Bhopal Gas Tragedy Compensation Day #3: Sr. Adv. Salve Points Out Union’s Contradictory Stances, SC Reserves Judgment
Additional Compensation for Bhopal Gas Tragedy VictimsJudges: S.K. Kaul J, Sanjiv Khanna CJI, A.S. Oka J, Vikram Nath J, J.K. Maheshwari J
Today, the 5-Judge Constitution Bench led by Justice S.K. Kaul concluded hearings in the Union’s plea to increase the compensation awarded to victims of the bhopal gas tragedy. The Bench heard Senior Advocate Sanjay Parikh and Advocate Karuna Nundy, representing organisations created by victims of the tragedy during the morning session. In the afternoon, Sr. Adv. Harish Salve, representing Union Carbide, argued against enhancing the compensation and Attorney General R. Venkataramani briefly gave his final arguments.
Background
In December 1984 a pesticide plant owned by the Union Carbide Corporation (UCC) in Bhopal, Madhya Pradesh leaked 42 tonnes of a toxic chemical called methyl isocyanate. After the Federal District Court in New York dismissed the Union government’s case for reparations in February 1985, with directions to approach Indian Courts, Parliament enacted the Bhopal Gas Leak Disaster (Processing of Claims) Act in March 1985. The Act gave the Union the power to legally represent all the victims of the Bhopal gas tragedy.
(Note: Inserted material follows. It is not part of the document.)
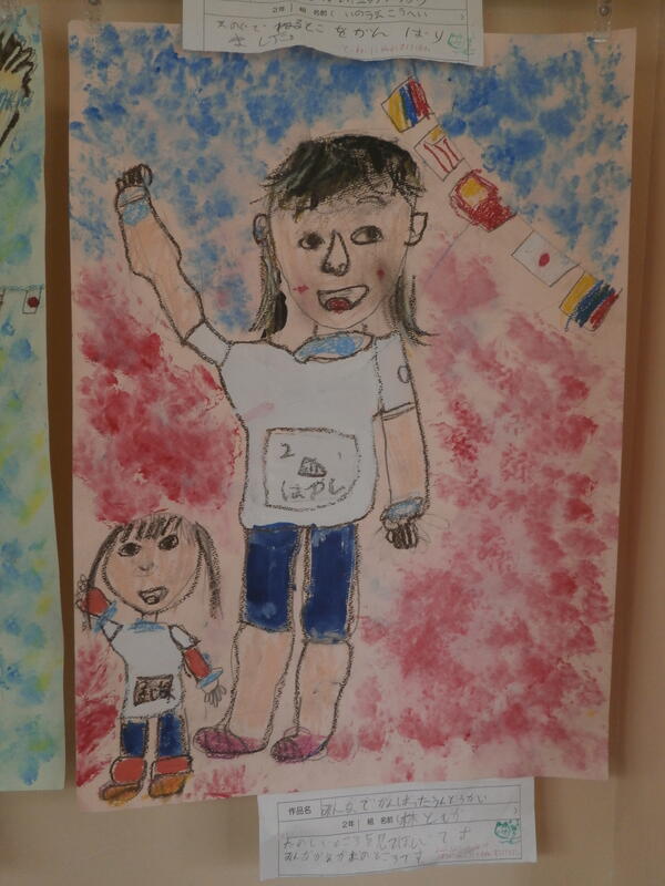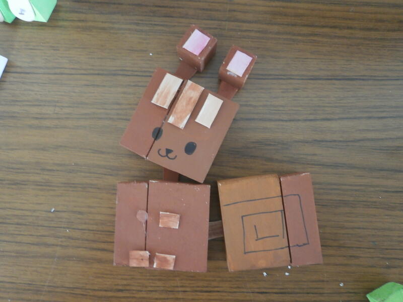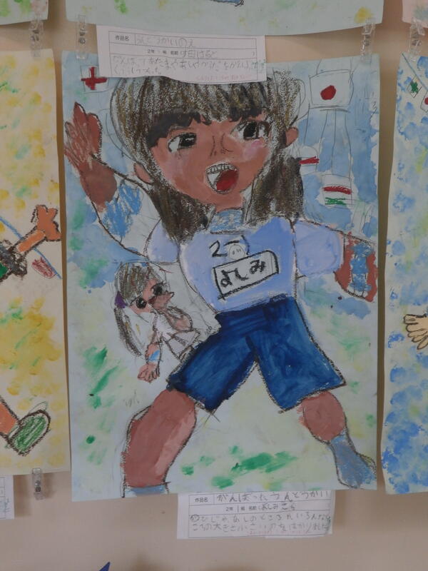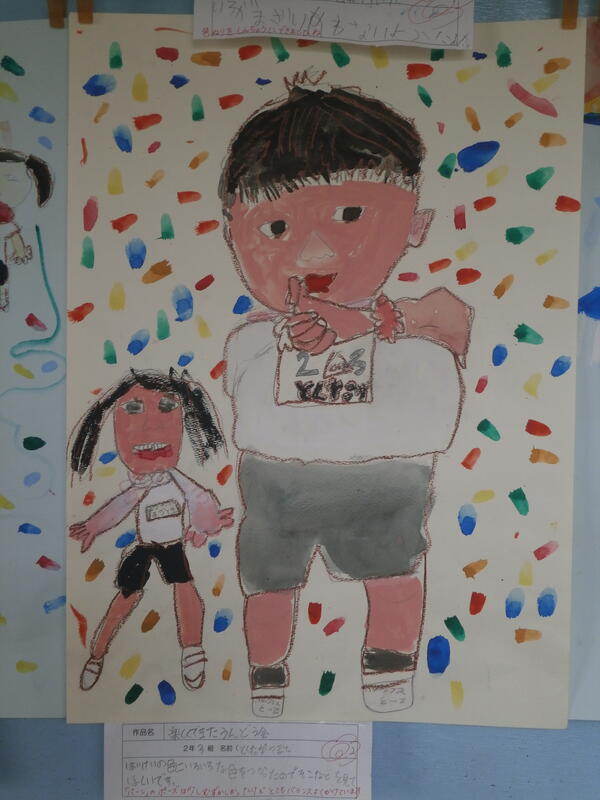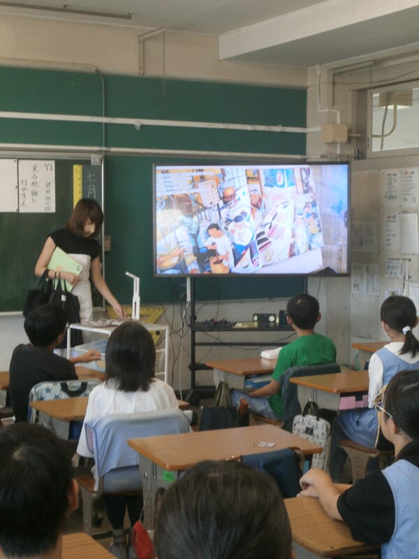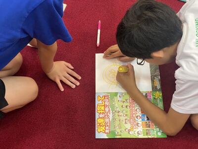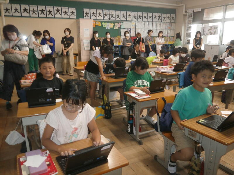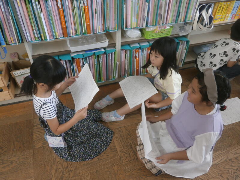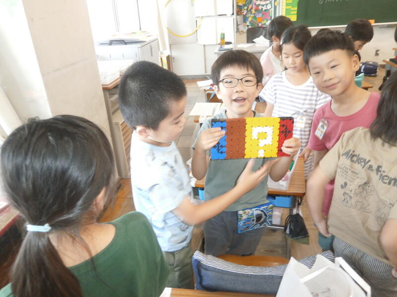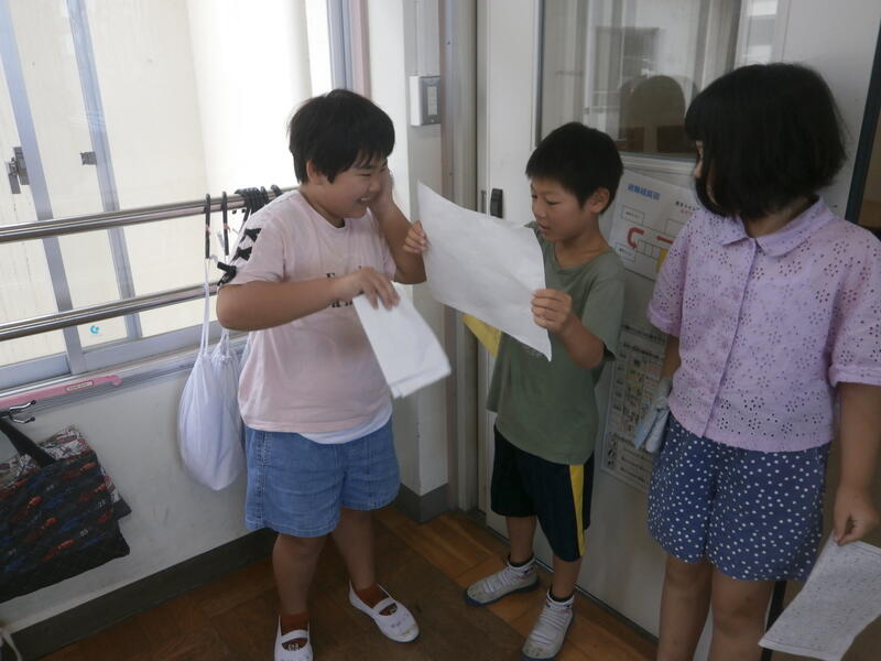 教室では、宿題で作った作品をを見せ合っている児童もいました。
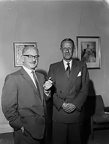 Sir Dove-Myer Robinson (15 June 1901 – 14 August 1989) was Mayor of Auckland City from 1959 to 1965 and from 1968 to 1980. Holding office for 6,543 days in total (17 years, 10 months, and 30 days), his was the longest tenure of any holder of the office.[1] He was a colourful character and became affectionately known across New Zealand as "Robbie".[2] He was one of several Jewish mayors of Auckland, although he rejected Judaism as a teenager and became a lifelong atheist.[3] He has been described as a "slight, bespectacled man whose tiny stature was offset by a booming voice and massive ego".[3]

In February 1989 UCC and the Union finalised a settlement, facilitated and confirmed by the Supreme Court, for $470 million. The terms of the settlement also required the Union to pay any additional compensation if the amount was not sufficient to satisfy all claims. In October 1991 the Supreme Court refused to re-open the settlement in a review petition, holding that the lack of a ‘re-opener’ clause in the settlement did not make it invalid.
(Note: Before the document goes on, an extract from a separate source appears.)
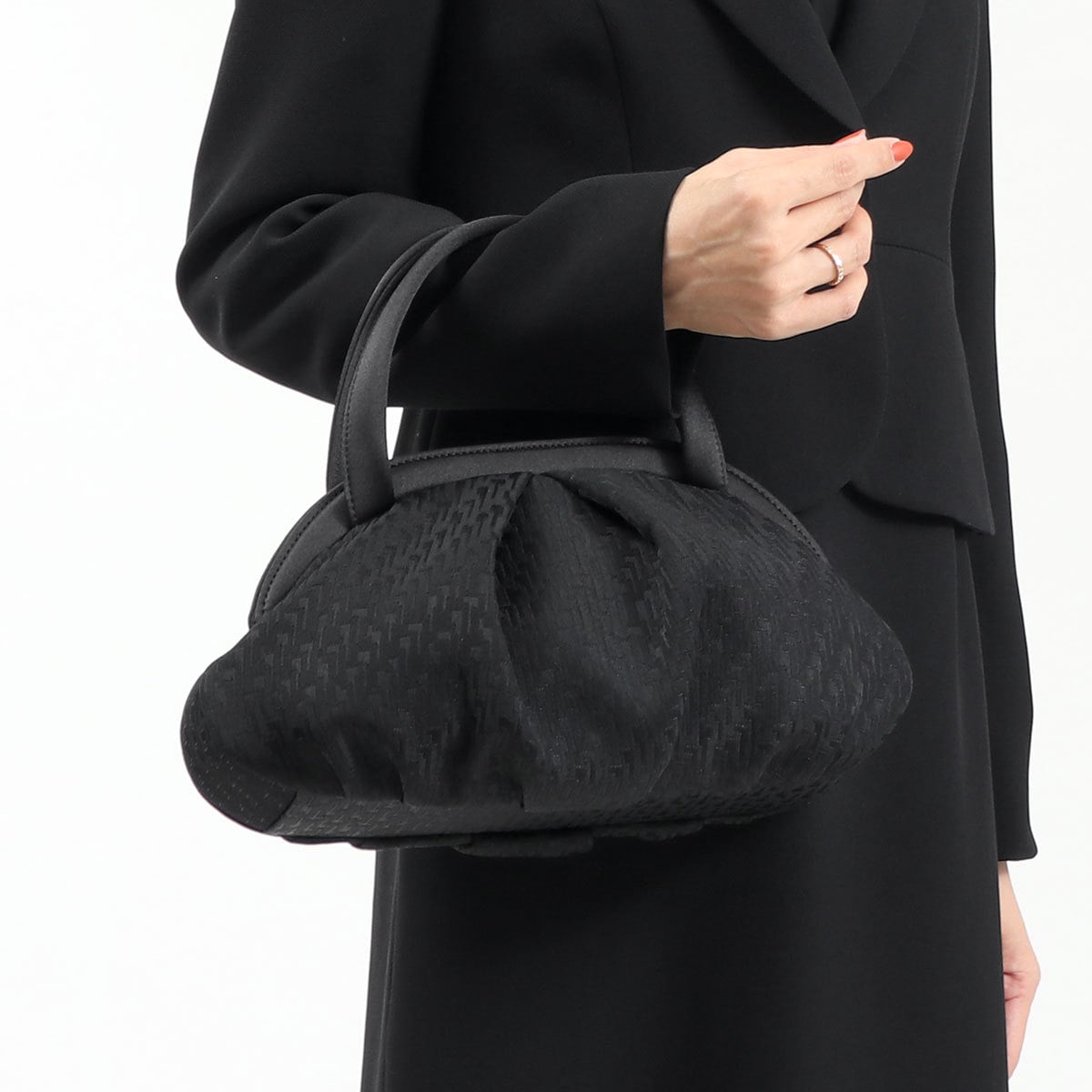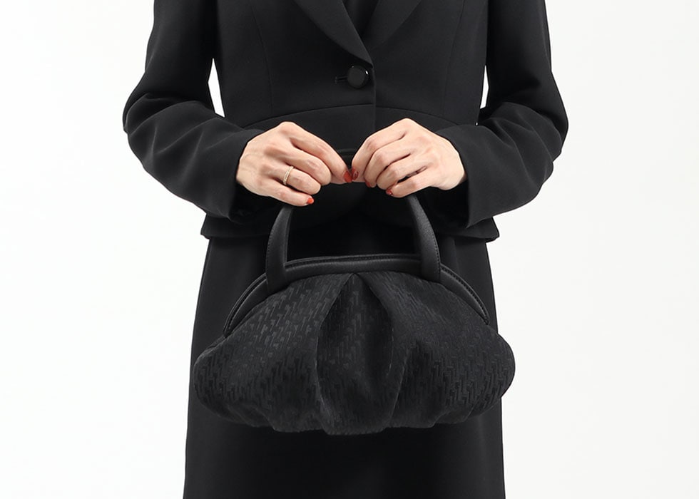 立体感のある人気の米沢織を全面に使用した、大人顔で高級感のあるフォーマルバッグ。コロンとした丸みのあるシルエットは、哀しみの席だけでなく多くのフォーマルシーンに使用可能です。表面に撥水・撥油加工が施されているため、多少の雨や保管時にも安心です。

In 2010 the Union filed a curative petition at the SC requesting an increase in the settlement amount, to be paid by Union Carbide. Curative petitions were introduced by the SC in 2002 as a last recourse for a litigant. The SC only grants relief in these cases when there has been a ‘gross miscarriage of justice’ arising from a past SC Order.
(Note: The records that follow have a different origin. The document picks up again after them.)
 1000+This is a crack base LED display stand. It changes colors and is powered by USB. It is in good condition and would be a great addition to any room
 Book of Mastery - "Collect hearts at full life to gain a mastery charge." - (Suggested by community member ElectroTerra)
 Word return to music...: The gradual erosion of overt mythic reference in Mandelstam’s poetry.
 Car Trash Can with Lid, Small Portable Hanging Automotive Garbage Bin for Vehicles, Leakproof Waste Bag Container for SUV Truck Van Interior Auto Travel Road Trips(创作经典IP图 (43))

The case came up for hearing before the Constitution Bench led by Justice S.K. Kaul on September 20th, 2022 and the Union expressed their desire to keep pursuing the case three weeks later, on October 11th.
According to Adv. Karuna Nandy, the Curative Petition is valid because a serious ‘fraud’ was committed. Material facts that were crucial to the settlement had been suppressed by Union Carbide leading to a ‘Gross Miscarriage of Justice.’ Justice Kaul stated that Adv. Karuna Nandy’s arguments concerned rules of evidence, and therefore fell outside the scope of the Curative Petition.
Sr. Adv. Sanjay Parikh, representing victims of the tragedy, argued that the Court actively participated in deciding the quantum of the 1989 settlement. Therefore they also had the power to enhance this amount. Justice Kaul immediately clarified that the SC simply acted as a mediator to the settlement. They were not a ‘third party’ in the case. He said the SC could not have forced anyone to accept the terms.Mr. Parikh responded that the SC has consistently highlighted the ‘justness’ of the settlement. If new facts emerged, the Court could reconsider the settlement.
Mr. Parikh pointed out that toxic waste in the area had not been disposed of yet, and had contaminated the groundwater in the affected area. Justice Kaul asked why the Union had not done anything about this in 40 years since the tragedy. Sr. Adv. Harish Salve, representing Union Carbide, appeared next and explained the toxic waste situation. The Madhya Pradesh government took possession of the land in 1989. They then demanded that Union Carbide should pay for the waste disposal, at the MP High Court.
Mr. Salve stated that in the 1991 case, the Union supported the petitioners’ claims to set aside the settlement and restart the proceedings. Further, the Union, in a series of affidavits between 1995 & 2011, opposed every attempt to suggest that the settlement was inadequate.